[What is needed] Would you return exactly the lines below from the line with "HG/T 4900-2016 带式输送机用聚氨酯防尘带" through the line with "이 차량의 동력용 모터는", both included, and nothing else, leaving out the pictures?

[Dataset entries]
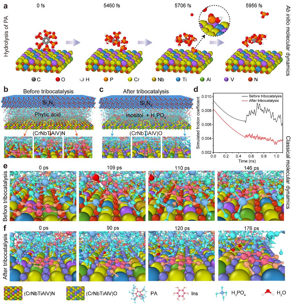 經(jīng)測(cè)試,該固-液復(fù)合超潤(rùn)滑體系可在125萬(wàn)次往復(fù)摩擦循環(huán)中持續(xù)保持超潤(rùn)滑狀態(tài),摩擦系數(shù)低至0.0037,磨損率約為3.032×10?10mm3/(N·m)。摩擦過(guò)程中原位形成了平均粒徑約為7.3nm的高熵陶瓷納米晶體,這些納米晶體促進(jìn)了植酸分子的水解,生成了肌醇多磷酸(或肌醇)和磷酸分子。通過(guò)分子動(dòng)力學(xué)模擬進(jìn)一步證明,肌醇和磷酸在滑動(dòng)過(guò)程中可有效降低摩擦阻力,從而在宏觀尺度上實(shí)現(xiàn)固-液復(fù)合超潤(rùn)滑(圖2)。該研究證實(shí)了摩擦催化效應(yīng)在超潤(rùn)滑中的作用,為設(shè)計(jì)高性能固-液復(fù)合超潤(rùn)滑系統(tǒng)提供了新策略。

---

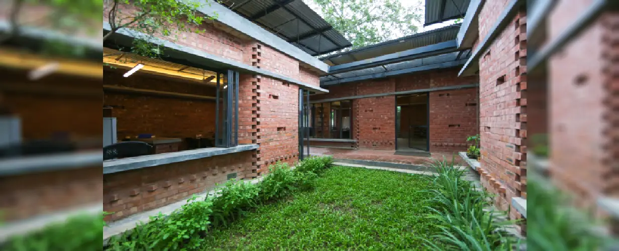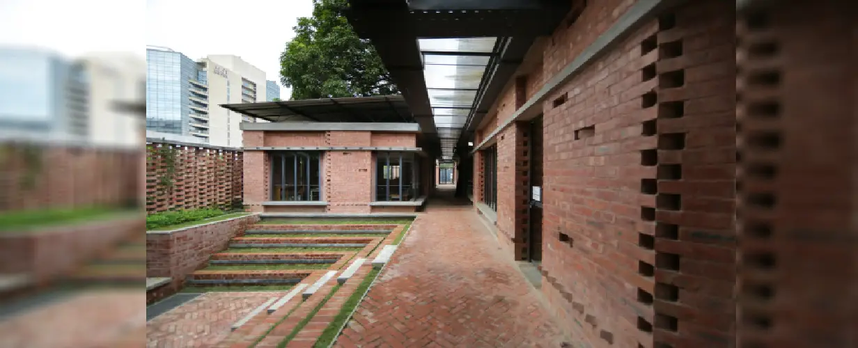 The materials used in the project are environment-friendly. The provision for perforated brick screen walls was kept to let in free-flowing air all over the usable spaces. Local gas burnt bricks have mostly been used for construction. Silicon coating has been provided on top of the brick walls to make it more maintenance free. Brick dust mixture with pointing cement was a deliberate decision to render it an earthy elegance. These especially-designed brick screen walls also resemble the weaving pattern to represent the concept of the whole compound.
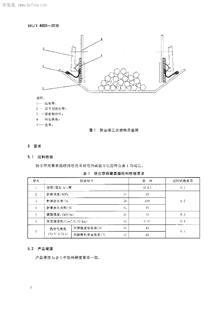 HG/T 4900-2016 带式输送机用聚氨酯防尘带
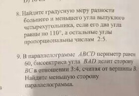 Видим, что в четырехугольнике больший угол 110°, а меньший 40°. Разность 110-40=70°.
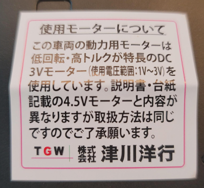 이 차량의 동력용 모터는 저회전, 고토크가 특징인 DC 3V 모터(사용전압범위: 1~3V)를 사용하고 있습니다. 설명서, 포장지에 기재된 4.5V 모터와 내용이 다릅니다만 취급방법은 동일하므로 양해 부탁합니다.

[Solution]
 HG/T 4900-2016 带式输送机用聚氨酯防尘带
 Видим, что в четырехугольнике больший угол 110°, а меньший 40°. Разность 110-40=70°.
 이 차량의 동력용 모터는 저회전, 고토크가 특징인 DC 3V 모터(사용전압범위: 1~3V)를 사용하고 있습니다. 설명서, 포장지에 기재된 4.5V 모터와 내용이 다릅니다만 취급방법은 동일하므로 양해 부탁합니다.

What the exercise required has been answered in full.